Well, after cleaning the garage I got bored and started playing with my Ignition.
I got some decent detonation at curve 5, My particular setup responds well to curves 2 and 3. Curve 4 gave me a good midrange but started acting funny in the upper RPM like curve 5 was doing.
I'm leaving it at curve 3 for the street and when I use the squeeze when I go down south in a couple-three months I'll be using curve 7 or 8. I'll cross that bridge when I get to it then.
Curve three woke this thing up, it pulled strong all the way through my midrange and well into the upper end until I came up on the rev-limiter.
I also readjusted my shift lever lower to aid in more positive shifts. Looked at my new airshifter and a place to mount it. Dunno if I'm going to rebuild it or replace the clevis. My dipshit nephew put it outside when I was out of town and its in pretty pissy shape.
Ordered guage bling in the form of an oil pressure guage to complement a pressure switch. For those wondering the switch will shut off the bike if the oil pressure drops below a certain level. It will work indipendantly from the low oil light switch and wired inline with the oil pressure guage.
Something you might want to look at is the curve sheet from Dyna, it doesn't really jump out at you but;
The advance curves: 1 through 5 are not in order of highest advance, in order of advance they are 1, 2, 3, 5, 4
4 being more advance than 5
I called thier tech line and talked to them about it and they said it was not a misprint or typo; that it really is that way.
Mine runs best on 3, sometimes when I've run 104 at the strip I ran it at 5, but to be honest it really ran better on 93 octane and curve 3.
Oil pressure switch.
I did this once and got rid of it.
I used a 5 volt pressure sensor (expensive) and fed the signal into my Dynojet Wideband Commander and programmed it to throw me a warning light using an autometer shift light. The Wideband Commander has a programmable output that can be set up using any of the available inputs it's looking at.

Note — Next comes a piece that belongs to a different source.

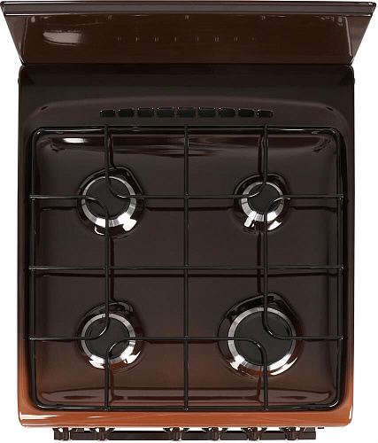 Габаритные размеры ШхГхВ: 50х58,5х85 см * Цвет: коричневый. Варочная поверхность: эмалированная * Объём духовки: 60 л. Духовка: электрическая * Подсветка духовки одинарная * Штампованные направляющие духовки * Терморегулятор (термостат) * Электророзжиг горелок, кнопка розжига на панели *

I set it up to look at RPM's and Oil
Pressure and programmed it to only throw a warning light when RPM's were over 3500 and oil pressure was less than 20psi
The pressure sensor required 3 AA batteries to power it since I couldn't find one that uses a 12 volt supply
It really turned out to be more trouble than it was worth. I ended up just using the RPM trigger to operate one of my shift lights and canned the sensor and all that crap.....
I considered a simple pressure switch but since the Vmax only makes 3-5psi at idle it created a barrier to setting it up for simple on off operation.